Exactly the lines below from the line with "Сонгон шалгаруулалтад оролцох" through the line with "大红灯笼高高挂,安置区里年味" must make up the answer, both ends included and pictures left out.

Dataset extract ▸
========

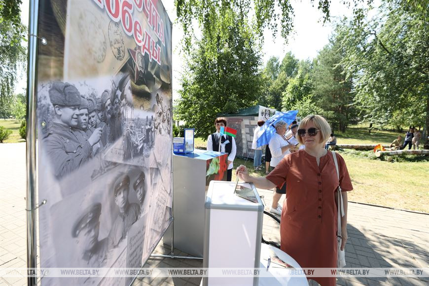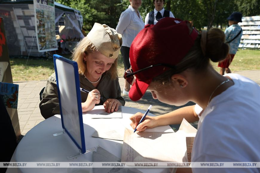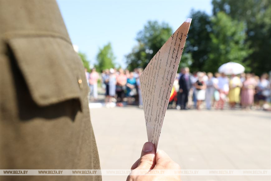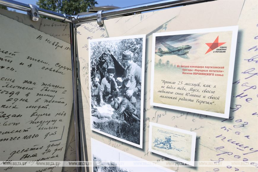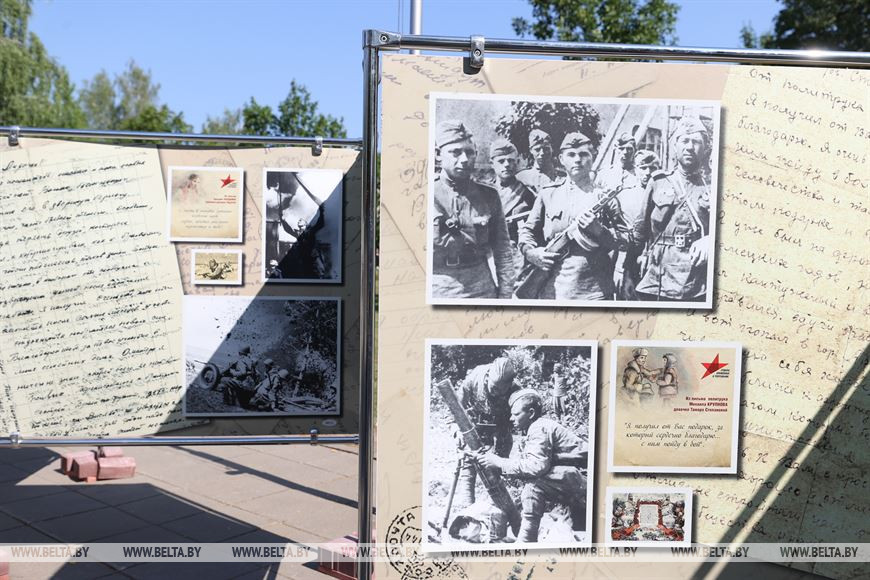 Благодаря совместному проекту Белорусского телеграфного агентства и Белорусского государственного музея истории Великой Отечественной войны "Судьбы, сложенные в треугольник" жители и гости города могут познакомиться с реальными историями фронтовиков, которые содержатся в их письмах. Экспозиция разместилась у мемориального комплекса "Аллея Героев" и будет работать в праздничные дни.
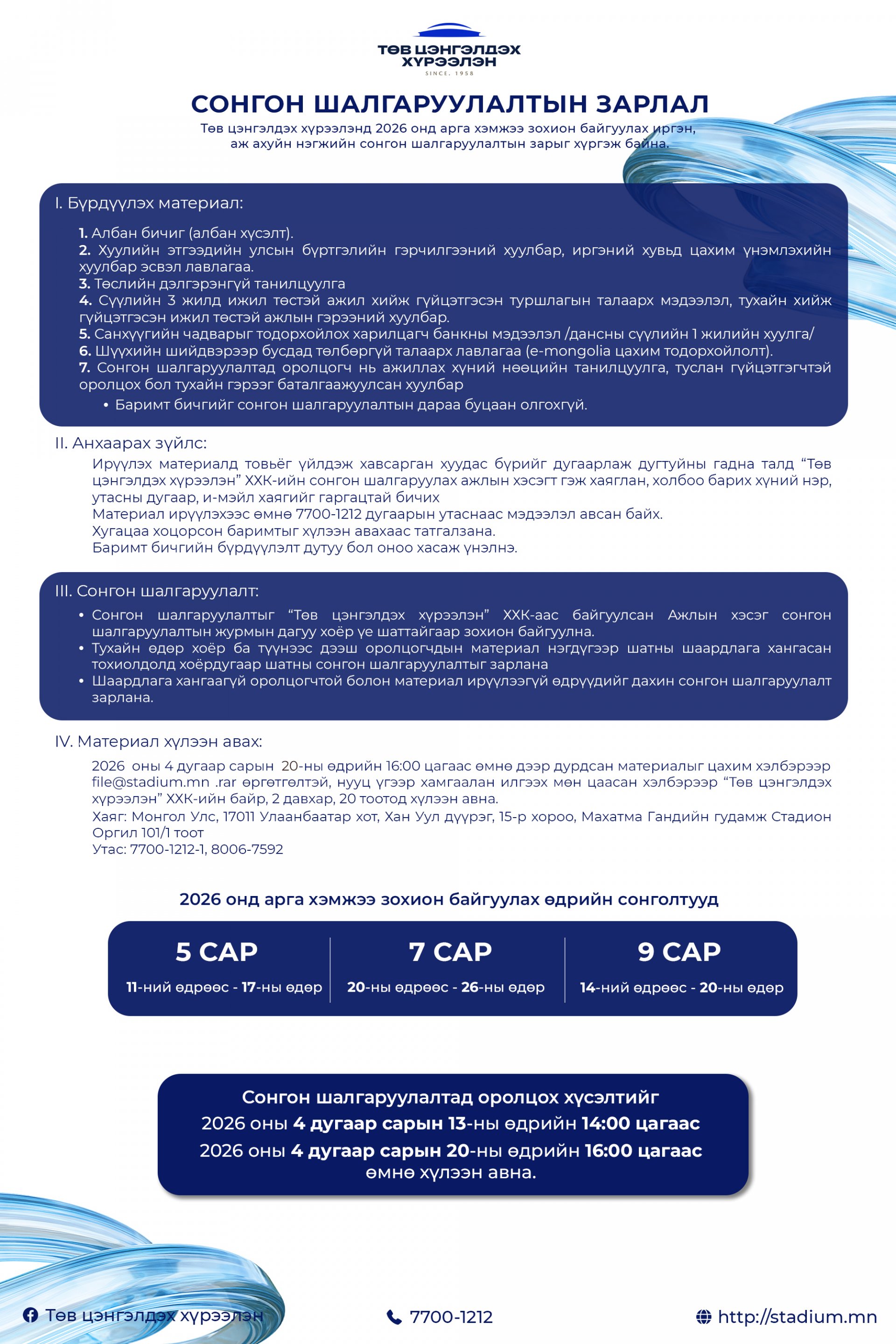 Сонгон шалгаруулалтад оролцох хүсэлт, материалыг 2026 оны 4 дүгээр сарын 13-ны 14:00 цагаас 4 дүгээр сарын 20-ны 16:00 цаг хүртэл хүлээн авна.
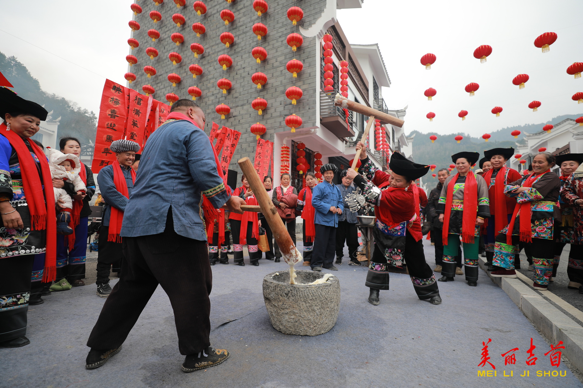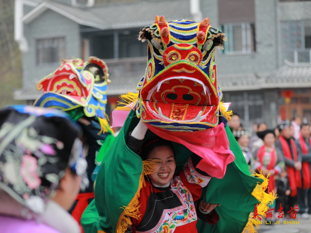 大红灯笼高高挂,安置区里年味浓。身着盛装的乡亲们汇聚在中心广场,银饰叮当,笑语盈盈。苗狮登高,步步攀升,寓意生活节节向上;苗鼓激越,声声昂扬,擂响崭新岁月的精气神。
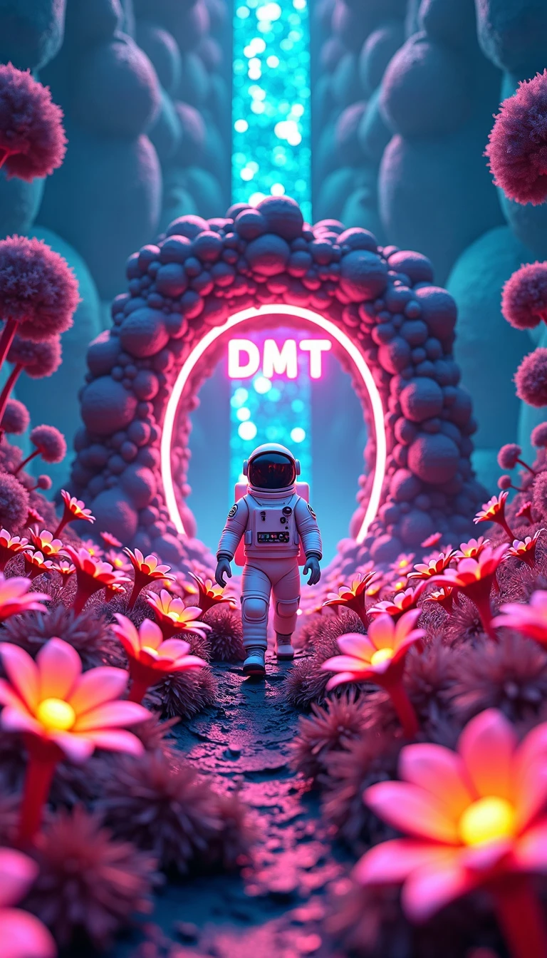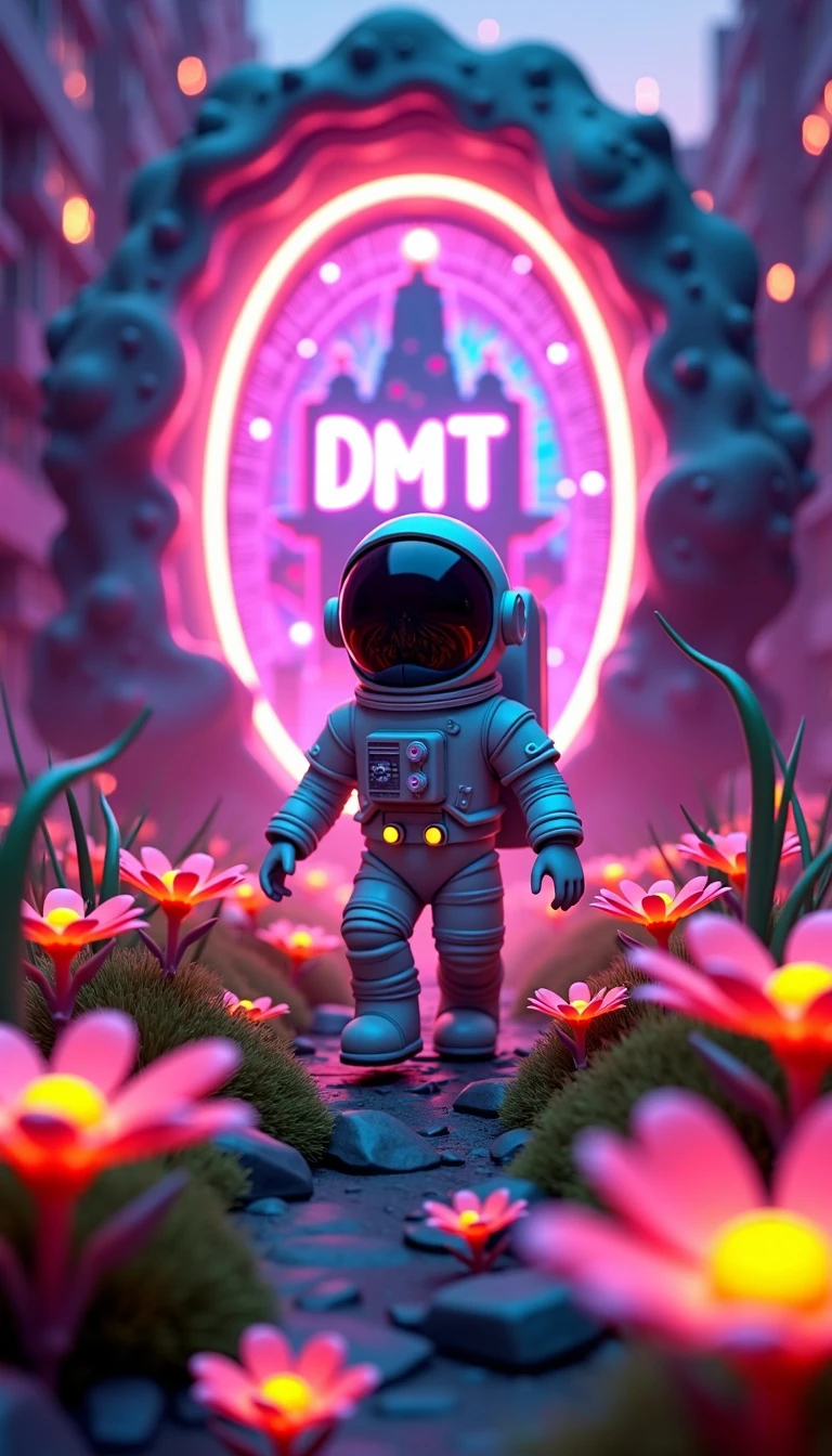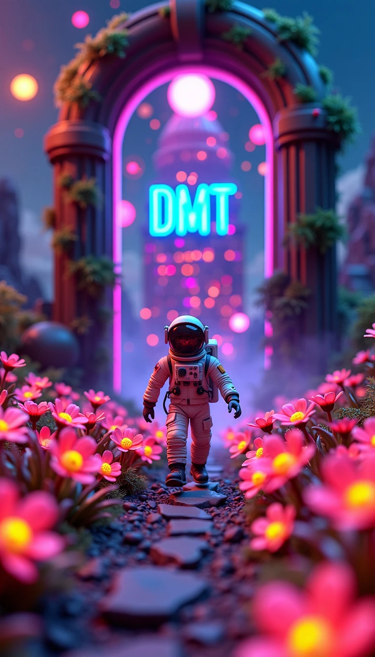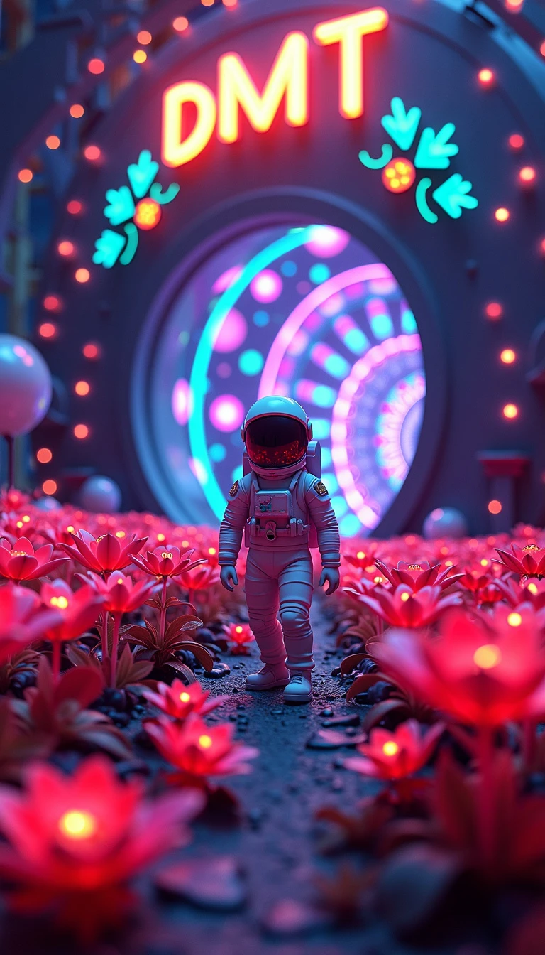 Create A psychological unhinged dmtcore 3D claymation-style psychonautics inspiration from DMT experiences and unhinged surreal imagery of a trippy astronaut, walk through a field of glowing neon flowers, In the background, is a oversized portal with a kaleidoscopic building insides that has a neon sign that says “DMT”. scene and lighting should be dark and neon under tone

========

Written solution ▸
 Сонгон шалгаруулалтад оролцох хүсэлт, материалыг 2026 оны 4 дүгээр сарын 13-ны 14:00 цагаас 4 дүгээр сарын 20-ны 16:00 цаг хүртэл хүлээн авна.
 大红灯笼高高挂,安置区里年味浓。身着盛装的乡亲们汇聚在中心广场,银饰叮当,笑语盈盈。苗狮登高,步步攀升,寓意生活节节向上;苗鼓激越,声声昂扬,擂响崭新岁月的精气神。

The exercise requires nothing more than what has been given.